I am deeply grieved by Mr. Wilson’s death. It was my privilege to be closely associated with him during all his life at Princeton as undergraduate, professor, and President, and I loved him very much.

He was one of the great men of our time, a man of extraordinary intellect, intense conclusions, high courage, and powerful enough to influence the course of events in a crisis in the world’s history.

Before beginning his political career he had won distinction as a writer, professor, and President of Princeton. He gave Princeton a mighty impulse, strengthening the Faculty, increasing the facilities for research, quickening the intellectual life of the place and gaining for it for the first time the rank it now holds among the universities of the land.

He did not know how to compromise with his convictions or to do aught else than to fight for them, even, as this event proved, at the cost of his life.

By Raymond B. Fosdick ’05

Former Under-Secretary General of the League of Nations

History will undoubtedly give Woodrow Wilson a position far greater than he enjoyed in his lifetime.

…Like all the world’s prophets, his work was based upon an ideal. He never hesitated to admit that he was an idealist.

…His ideal for America, for the place that she should occupy among the nations of the world, for the contributions that she is in a position to make to the spiritual assets of the race – this was the ruling passion of his life.

We speak of Woodrow Wilson as a war President. In a far truer sense he was a peace President…He distrusted the efficiency of war as a means of settling anything…he looked upon the maintenance of peace as a task which challenged the creative intelligence of mankind. Peace could not be obtained merely by hopes and pious wishes. It must be planned for. There must be machinery established, consciously to promote understanding between nations, to remove the friction that comes from contact, to absorb the shock that arises from differing national points of view.

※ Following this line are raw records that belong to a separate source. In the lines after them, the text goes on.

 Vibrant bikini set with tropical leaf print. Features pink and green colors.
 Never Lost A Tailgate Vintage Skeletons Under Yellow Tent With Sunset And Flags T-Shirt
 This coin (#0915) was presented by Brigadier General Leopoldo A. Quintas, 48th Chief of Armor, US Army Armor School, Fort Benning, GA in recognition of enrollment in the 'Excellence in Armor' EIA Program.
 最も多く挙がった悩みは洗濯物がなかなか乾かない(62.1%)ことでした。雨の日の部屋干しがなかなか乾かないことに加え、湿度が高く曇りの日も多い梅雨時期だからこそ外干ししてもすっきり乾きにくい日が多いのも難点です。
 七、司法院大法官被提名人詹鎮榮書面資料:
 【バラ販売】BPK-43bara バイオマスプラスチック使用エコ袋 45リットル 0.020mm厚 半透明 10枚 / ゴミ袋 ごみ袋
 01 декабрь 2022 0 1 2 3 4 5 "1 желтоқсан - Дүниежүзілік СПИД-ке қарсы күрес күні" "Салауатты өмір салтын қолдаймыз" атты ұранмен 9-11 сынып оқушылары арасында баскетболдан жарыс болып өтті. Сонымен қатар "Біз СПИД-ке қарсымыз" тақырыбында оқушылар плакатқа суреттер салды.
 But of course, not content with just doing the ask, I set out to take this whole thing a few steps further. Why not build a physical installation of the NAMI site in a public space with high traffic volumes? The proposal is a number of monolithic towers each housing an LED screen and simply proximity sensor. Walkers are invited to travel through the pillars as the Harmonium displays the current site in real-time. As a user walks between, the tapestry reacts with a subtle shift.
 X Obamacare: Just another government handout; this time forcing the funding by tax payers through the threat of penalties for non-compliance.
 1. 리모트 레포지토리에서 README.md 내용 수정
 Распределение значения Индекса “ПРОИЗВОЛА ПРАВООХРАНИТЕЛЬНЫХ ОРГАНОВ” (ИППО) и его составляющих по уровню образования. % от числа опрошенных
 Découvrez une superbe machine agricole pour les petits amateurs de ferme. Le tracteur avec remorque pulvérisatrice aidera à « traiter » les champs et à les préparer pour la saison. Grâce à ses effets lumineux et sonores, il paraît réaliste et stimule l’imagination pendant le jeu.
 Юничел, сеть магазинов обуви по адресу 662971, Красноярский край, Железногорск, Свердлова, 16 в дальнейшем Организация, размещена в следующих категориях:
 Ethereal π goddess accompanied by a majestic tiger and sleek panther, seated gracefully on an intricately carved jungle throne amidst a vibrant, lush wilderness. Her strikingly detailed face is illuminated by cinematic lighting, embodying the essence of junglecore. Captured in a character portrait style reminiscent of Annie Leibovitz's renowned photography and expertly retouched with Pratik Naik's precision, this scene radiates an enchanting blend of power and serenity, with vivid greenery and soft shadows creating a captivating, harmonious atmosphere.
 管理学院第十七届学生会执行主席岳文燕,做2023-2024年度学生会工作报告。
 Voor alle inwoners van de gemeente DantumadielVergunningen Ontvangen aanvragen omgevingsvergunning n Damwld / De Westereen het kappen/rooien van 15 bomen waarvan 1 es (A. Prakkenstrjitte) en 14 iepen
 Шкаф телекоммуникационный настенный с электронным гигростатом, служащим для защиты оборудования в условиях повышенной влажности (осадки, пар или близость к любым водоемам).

That was why he fought for the League of Nations. It represented a method, a technique, a considered plan. It was a way of escape from the threat of future wars.

He is dead, but he has made a lasting contribution to the thought of the world. If war can by any means be avoided in the future, if by national processes mankind can acquire the habit of cooperation and peace, it will be because the idealism and intelligence of Woodrow Wilson were laid upon the altar of sacrifice to this supreme cause.